Given the entries that follow, write out exactly the lines starting at the one containing "拔河比赛采取三局比赛制,由八" and ending at the one containing "The vibrant aqua", both ends included, and only those.

- _Data supplied_
# # #

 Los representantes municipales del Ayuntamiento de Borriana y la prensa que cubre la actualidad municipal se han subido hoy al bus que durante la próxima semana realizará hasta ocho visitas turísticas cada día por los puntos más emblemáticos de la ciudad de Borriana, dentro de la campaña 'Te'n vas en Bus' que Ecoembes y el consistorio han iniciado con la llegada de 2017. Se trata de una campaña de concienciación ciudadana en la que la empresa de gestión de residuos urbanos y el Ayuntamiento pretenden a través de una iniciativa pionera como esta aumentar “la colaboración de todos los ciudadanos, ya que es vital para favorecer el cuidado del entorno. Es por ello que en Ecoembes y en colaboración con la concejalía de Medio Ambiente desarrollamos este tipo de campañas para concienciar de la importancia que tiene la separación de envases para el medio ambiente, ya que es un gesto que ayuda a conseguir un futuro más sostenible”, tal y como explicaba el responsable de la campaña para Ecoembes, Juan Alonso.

# # #

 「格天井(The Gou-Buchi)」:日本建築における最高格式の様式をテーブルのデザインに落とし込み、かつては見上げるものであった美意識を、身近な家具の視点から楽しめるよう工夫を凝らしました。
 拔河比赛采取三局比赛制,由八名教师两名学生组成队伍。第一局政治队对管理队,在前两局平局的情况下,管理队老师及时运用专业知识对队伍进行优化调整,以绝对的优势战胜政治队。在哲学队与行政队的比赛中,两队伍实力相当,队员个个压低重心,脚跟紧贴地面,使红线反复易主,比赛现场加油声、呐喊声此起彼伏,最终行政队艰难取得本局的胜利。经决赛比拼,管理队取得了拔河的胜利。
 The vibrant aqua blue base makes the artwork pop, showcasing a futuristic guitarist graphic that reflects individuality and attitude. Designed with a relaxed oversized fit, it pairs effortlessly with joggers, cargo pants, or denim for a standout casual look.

# # #

- _Task result_
 拔河比赛采取三局比赛制,由八名教师两名学生组成队伍。第一局政治队对管理队,在前两局平局的情况下,管理队老师及时运用专业知识对队伍进行优化调整,以绝对的优势战胜政治队。在哲学队与行政队的比赛中,两队伍实力相当,队员个个压低重心,脚跟紧贴地面,使红线反复易主,比赛现场加油声、呐喊声此起彼伏,最终行政队艰难取得本局的胜利。经决赛比拼,管理队取得了拔河的胜利。
 The vibrant aqua blue base makes the artwork pop, showcasing a futuristic guitarist graphic that reflects individuality and attitude. Designed with a relaxed oversized fit, it pairs effortlessly with joggers, cargo pants, or denim for a standout casual look.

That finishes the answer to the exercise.